*** Data excerpts ***

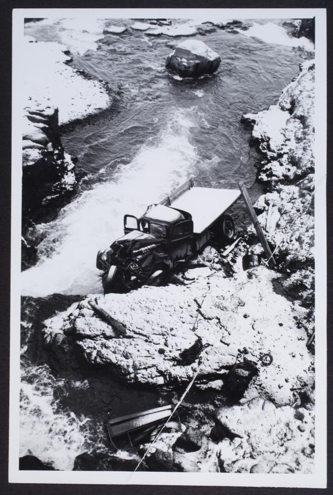 Vörubíll ofan í á, í klessu. Snjóföl
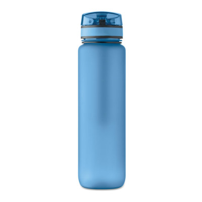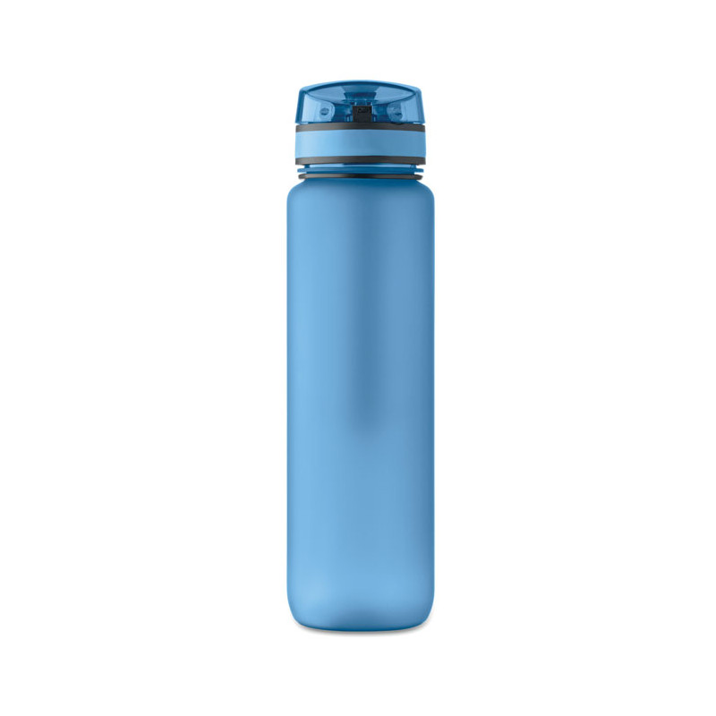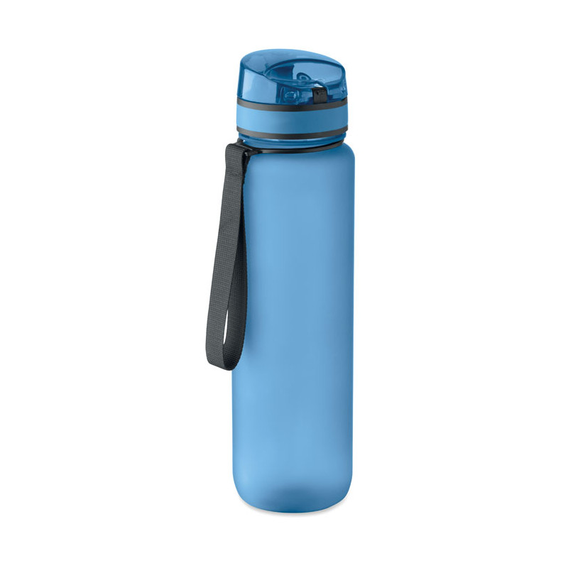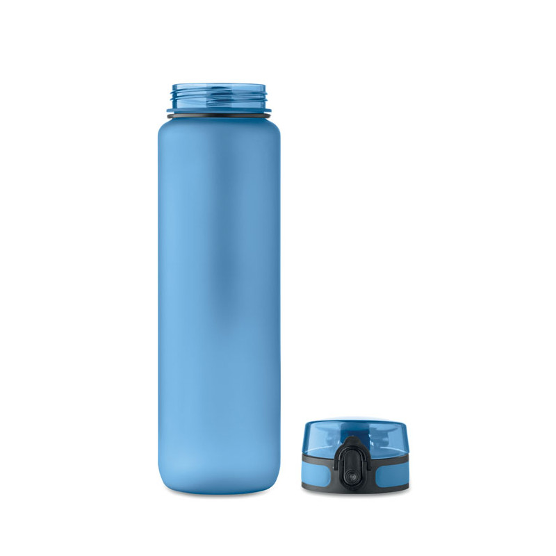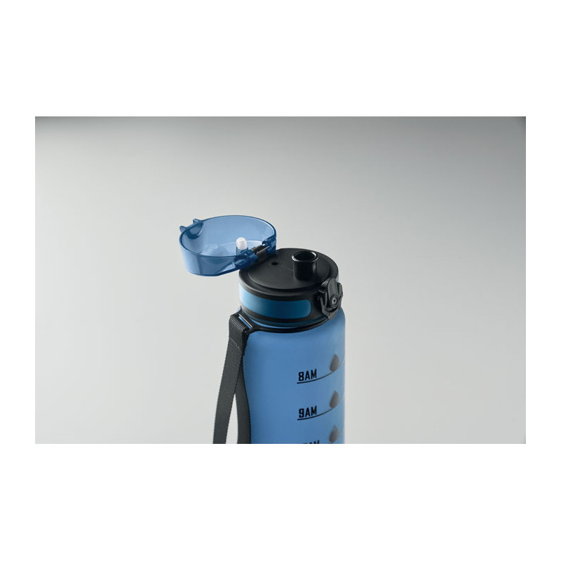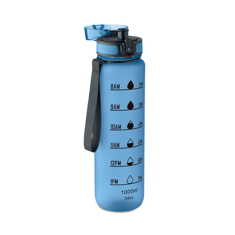 Sports water bottle in RPET, motivational time markings, one hand opening flip top lid, safety lock and carrying strap. Leak-free. Capacity: 1L.
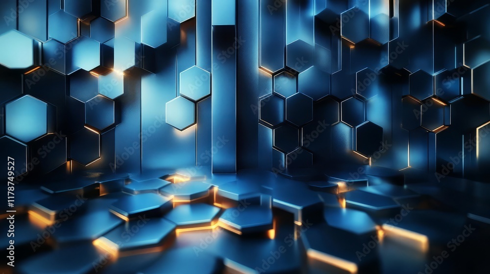 Wall mural abstract technological background with blue and golden hexagonal shapes and patterns. - Wall murals Wall mural abstract technological background with blue and golden hexagonal shapes and patterns. - Wall murals
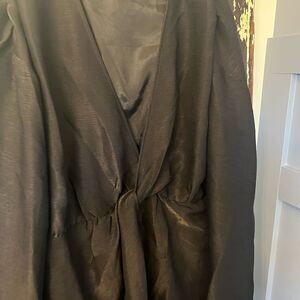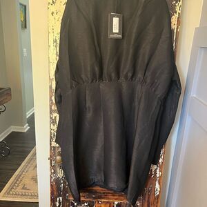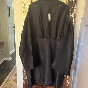 NWT Pretty Little Thing Plus Black Glitter Twist Front Wrap Shift Dress. Size 18
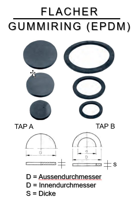 Flacher Gummiring (EPDM) für Endkappe und Handform-Kupplungen:
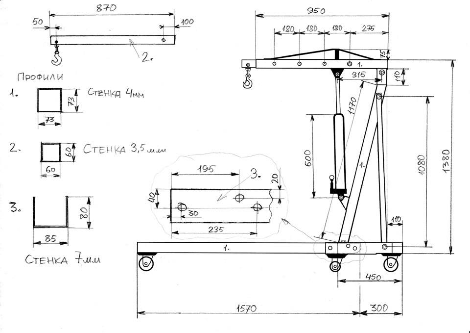 » из представленного материала вы узнаете, как самостоятельно собрать гаражный гидравлический кран гусь, рассмотрим чертежи, пошаговые фото сборки, а так же видео испытания самодельного крана для демонтажа двигателя.
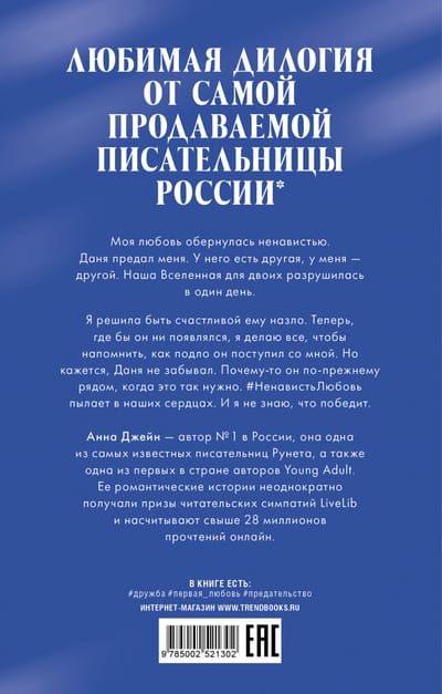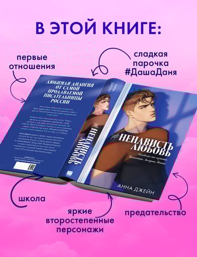 The novel "#HateLove" is a continuation of the popular dilogy by Anna Jane. The story of the sweet couple #DashaDanya gets a new development. The characters become older, their problems are more serious, and their feelings are brighter. With a new cover by Karina Yashagina and illustrations of important scenes from the novel, the dilogy will win the hearts of true book romantics and will become a decoration of your book collection.

*** End of Data excerpts ***

• **Your objective**: Each entry should appear again exactly as written, pictures excluded.

• **Result for this exercise**:
 Vörubíll ofan í á, í klessu. Snjóföl
 Sports water bottle in RPET, motivational time markings, one hand opening flip top lid, safety lock and carrying strap. Leak-free. Capacity: 1L.
 Wall mural abstract technological background with blue and golden hexagonal shapes and patterns. - Wall murals Wall mural abstract technological background with blue and golden hexagonal shapes and patterns. - Wall murals
 NWT Pretty Little Thing Plus Black Glitter Twist Front Wrap Shift Dress. Size 18
 Flacher Gummiring (EPDM) für Endkappe und Handform-Kupplungen:
 » из представленного материала вы узнаете, как самостоятельно собрать гаражный гидравлический кран гусь, рассмотрим чертежи, пошаговые фото сборки, а так же видео испытания самодельного крана для демонтажа двигателя.
 The novel "#HateLove" is a continuation of the popular dilogy by Anna Jane. The story of the sweet couple #DashaDanya gets a new development. The characters become older, their problems are more serious, and their feelings are brighter. With a new cover by Karina Yashagina and illustrations of important scenes from the novel, the dilogy will win the hearts of true book romantics and will become a decoration of your book collection.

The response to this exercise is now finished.